I can definitely imagine performance tanking if not enough threads are supplied. GPUs need to hide latency after all.
Okay, I had to test this. I ran a ALU-heavy kernel (with low register pressure) on my M1 Pro on increasingly large arrays to see where the execution time 'jumped', to try to infer how many threads are running at once on M1 GPUs.
This is what I got:
There's one thread for each array element the GPU kernel is run on. Threadgroup size is set to maximum (1,024 threads per threadgroup on M1 Pro). The execution time jumps every 16,384 array elements / threads. If we focus on the first part of the graph, there's a slope between 0 to 1,024 threads:
What is happening here is: since threadgroups are 1,024 threads, if I dispatch any number from 0 to 1,024 threads, they'll all be in a single threadgroup (and executed in the same GPU core). The execution time in this region makes a small jump every 32 threads, and remains flat otherwise. That must be because the GPU core splits the threadgroup in batches of
32 threads (a single SIMD group) and executes those batches one after the other. For a 16-core GPU, only 32*16 = 512 are executing 'at once'.
Once the thread number goes over 1,024, another threadgroup is created, which runs in a different GPU core, in parallel with the first threadgroup, so no extra time is needed as long as there's more GPU cores available.
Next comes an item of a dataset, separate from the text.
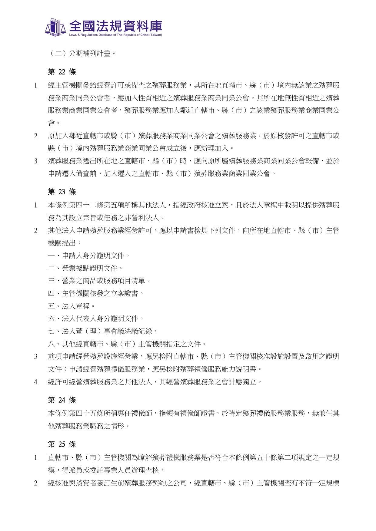 殯葬管理條例第22條第3項之應備文件

This goes up to 1,024 (threadgroup) * 16 (cores) = 16,384. If there are more threads, they get bundled in a 17th threadgroup, but since there's only 16 cores in my M1 Pro, that extra threadgroup can't be executed until one of the 16 cores has finished the whole 1,024 thread threadgroup, essentially doubling the time it takes for the whole kernel to run. Another jump happens after 32,768 threads for the same reason (there are 33 full threadgroups for 16 cores, so the 33rd has to run after two full threadgroups have finished execution).
On the M1 Ultra, that'd mean that only 32 (threads per SIMD gorup) * 64 (cores) = 2,048 threads are truly executing 'at once'. However, the time it takes for an extra SIMD group to execute is relatively small (~9 μs in this kernel, the height of the jump between 512 and 512+32 threads) compared to the time it takes to set up a threadgroup (~630 μs for this kernel, the time it takes for just 32 dispatched threads, minus the 9μs of the SIMD group execution time). Therefore it pays off to have the threadgroups as full as possible. So ideally you'd try to have multiples of 1,024 (max threadgroup size) * 64 (cores) =
65,536 threads 'in-flight'.
I think the quoted number of 196,608 threads is 3 times 65,536 because the GPU has a compute, shader and vertex channels, and (probably) those can run concurrently for a total ot 65,536 * 3 = 196,608 threads in-flight. But for a single kernel you'd only need to fill 65,536 at most. Whether that number is high enough to make the M1 Ultra scale poorly, I don't know. But I don't think it's
that high.